### SUPPLIED DATA
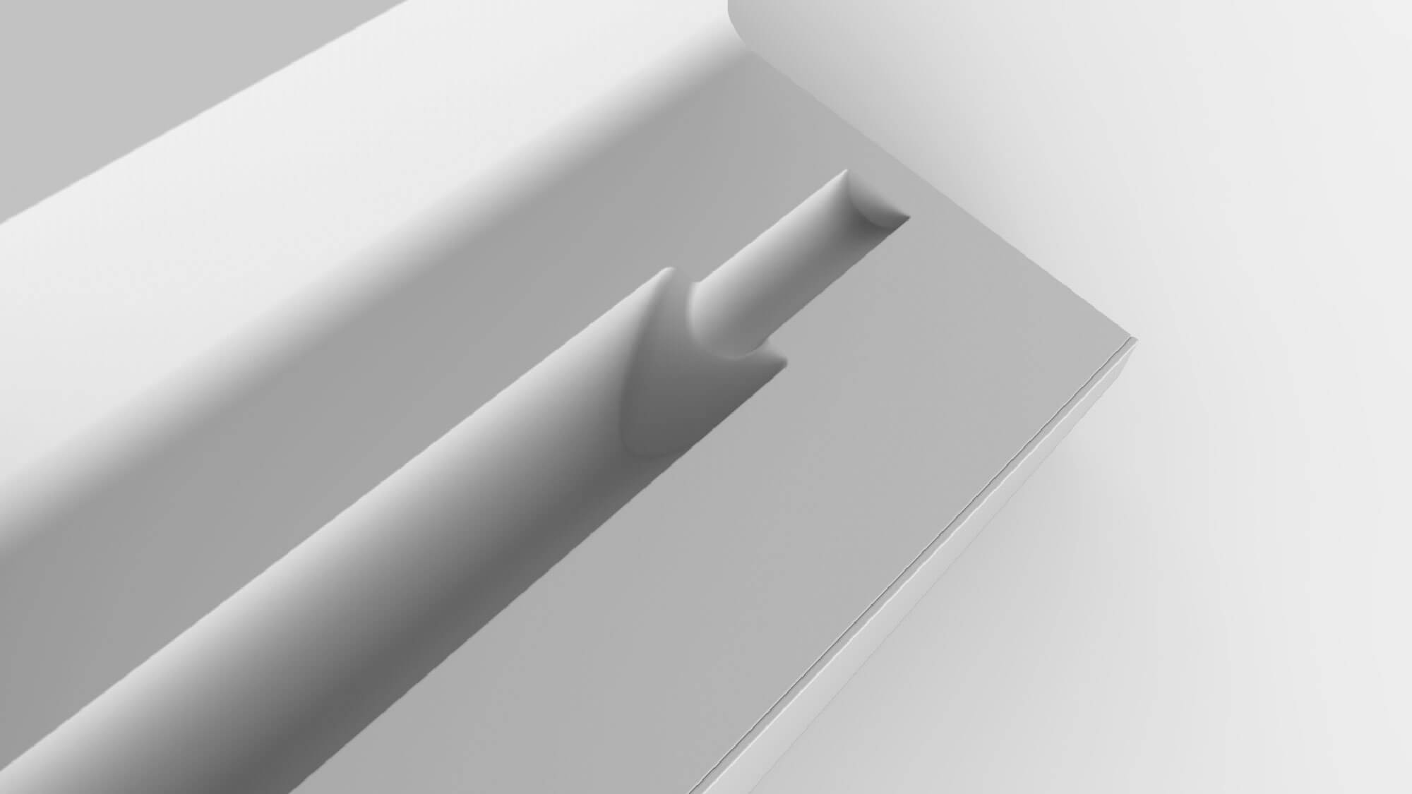 避開槍的語意 , 故將板機改為優雅的弧面薄片按鍵 .
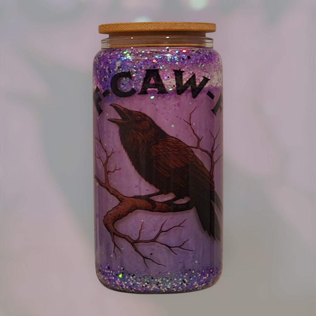 Start your day with a little attitude and a lot of caffeine with this 16 oz snow globe glass, featuring a moody black crow perched on a branch and the hilarious phrase “F-CAW-F.” The swirling purple glitter adds just the right amount of sparkle to match your daily dose of sarcasm.
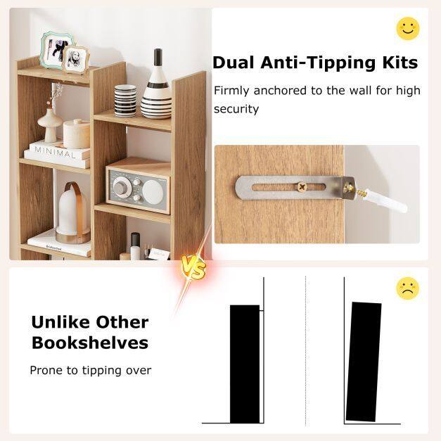 Robust Wooden Construction: The wooden bookcase is designed with 2 anti-tipping kits to ensure safety and stability. With a substantial load capacity of 140kg, this piece confidently supports heavy books and decorative items.
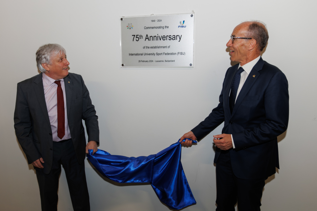 The two days of meetings took place at the Royal Savoy Hotel in Lausanne, Switzerland, at only a stone’s throw from FISU Headquarters. They started off with the unveiling of a plaque in FISU’s Synathlon building, celebrating FISU’s 75th anniversary.
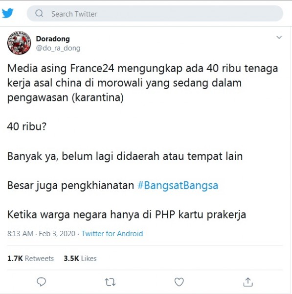 Beredar tweet yang berasal dari akun Doradong (twitter.com/do_ra_dong) sebagai berikut :“Media asing France24 mengungkap ada 40 ribu tenaga kerja asal china di morowali yang sedang dalam pengawasan (karantina)40 ribu?Banyak ya, belum lagi didaerah atau tempat lainBesar juga pengkhianatan #BangsatBangsa Ketika warga negara hanya di PHP kartu prakerja”
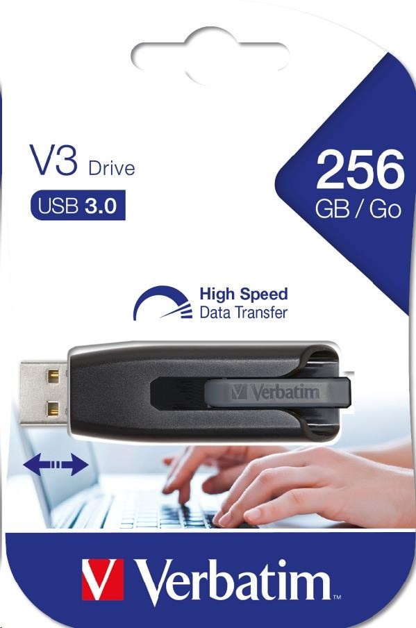 VERBATIM Flash Disk 256GB Store 'n' Go V3, USB 3.0, černáKapacita uložiště:256 GB; Verze USB:3.0.
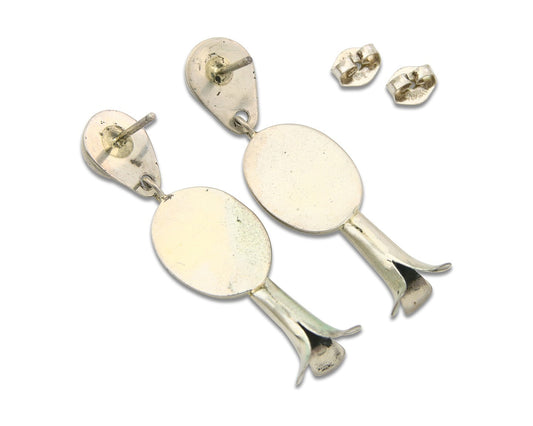 Navajo Squash Earrings 925 Silver Natural Turquoise Native American Artist C80s
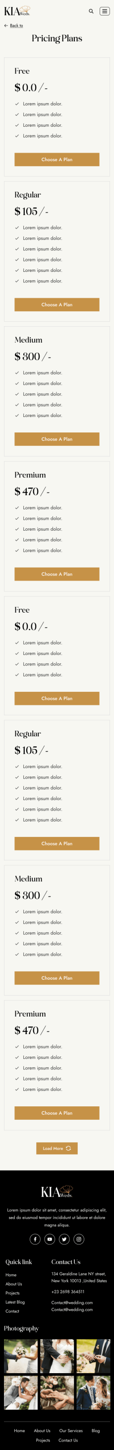 Kia weds wedding website template Mobile_Pricing Plans
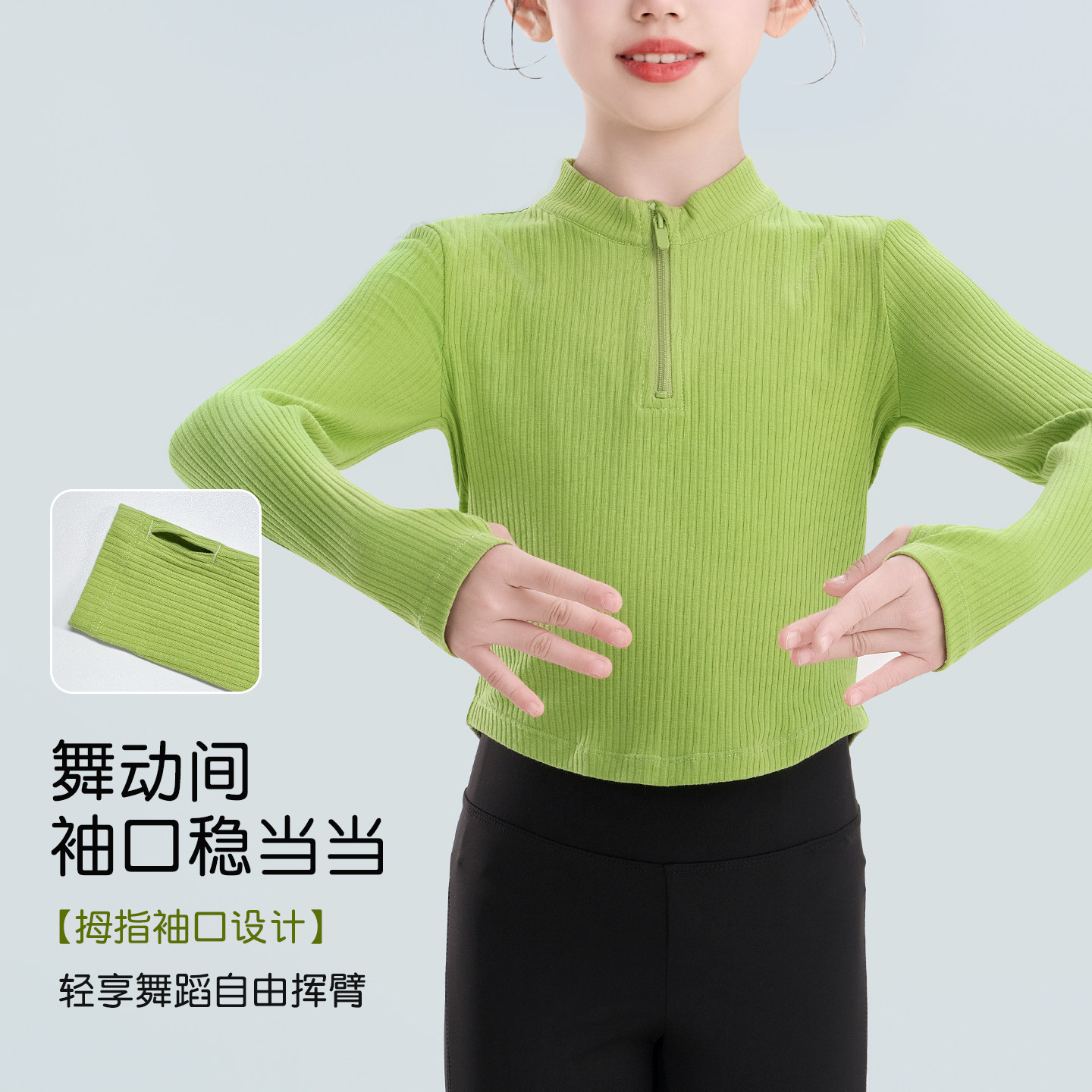 淘宝儿童舞蹈练功服芭蕾舞长袖长裤套装跳舞上衣秋冬立领半拉链外套女
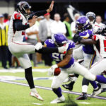 MINNEAPOLIS — Anthony Harris highlighted a thorough thrashing by Minnesota’s defense with two interceptions of Matt Ryan and a fumble recovery.
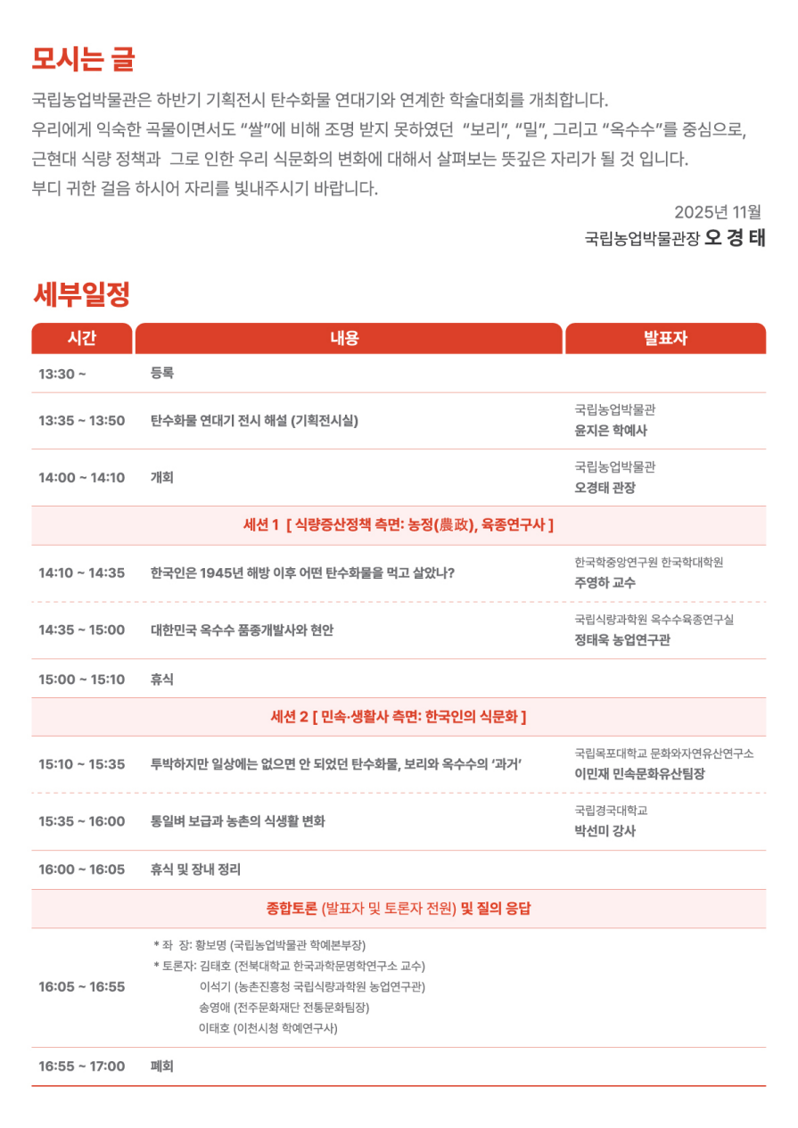 * 국립농업박물관 2025년 하반기 기획전시 <탄수화물 연대기> 연계 학술대회

### WHAT YOU HAVE TO DO
Could you output exactly the lines above, from the line with "Beredar tweet yang" up to and including the line with "Navajo Squash Earrings", and nothing else, skipping the pictures?

### TASK ANSWER
 Beredar tweet yang berasal dari akun Doradong (twitter.com/do_ra_dong) sebagai berikut :“Media asing France24 mengungkap ada 40 ribu tenaga kerja asal china di morowali yang sedang dalam pengawasan (karantina)40 ribu?Banyak ya, belum lagi didaerah atau tempat lainBesar juga pengkhianatan #BangsatBangsa Ketika warga negara hanya di PHP kartu prakerja”
 VERBATIM Flash Disk 256GB Store 'n' Go V3, USB 3.0, černáKapacita uložiště:256 GB; Verze USB:3.0.
 Navajo Squash Earrings 925 Silver Natural Turquoise Native American Artist C80s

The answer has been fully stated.